Published online by Cambridge University Press: 25 May 2010
There are many people who think that deconstruction has run its course, has had its day, and that it is now time to return to the important business of philosophy, or perhaps to serious ethical, social and political questions. Derrida's work, it is said, leads nowhere but a sterile philosophy of difference that in its de-politicized, de-historicized abstractness is a form of conservatism little better than the kinds of identity thinking to which it seems to be so radically opposed. In short, we must go ‘beyond’ deconstruction.

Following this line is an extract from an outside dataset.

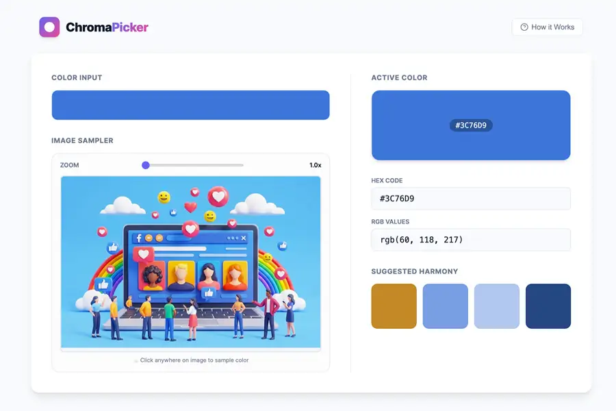 Pull colors from any image and get matching color suggestions instantly. Keep your branding consistent even if you are not a designer.

But ‘beyond deconstruction’, is a bit like ‘Hegel aufgehoben’. Deconstruction was born from and sustains itself in a meditation on the limits of philosophy. Derrida has made a speciality of diagnosing metaphysical residues in the thought of those who sought passionately to eliminate them, and pronounced this inevitable even for his own (and our own) thought. Deconstruction represents the most sophisticated attempt to deal with the question successively posed by Kant, Hegel, Nietzsche, Husserl and Heidegger—that of the end of metaphysics. I shall argue is that there is no royal road through or round Derrida or deconstruction, and that a serious confrontation with it makes the value of going ‘beyond’ it problematic.
Ten years ago the situation was different. Heraclitus put it well when he said that dogs bark at what they do not recognize. Now the dogs have stopped barking, sniffed cautiously, and turned tail.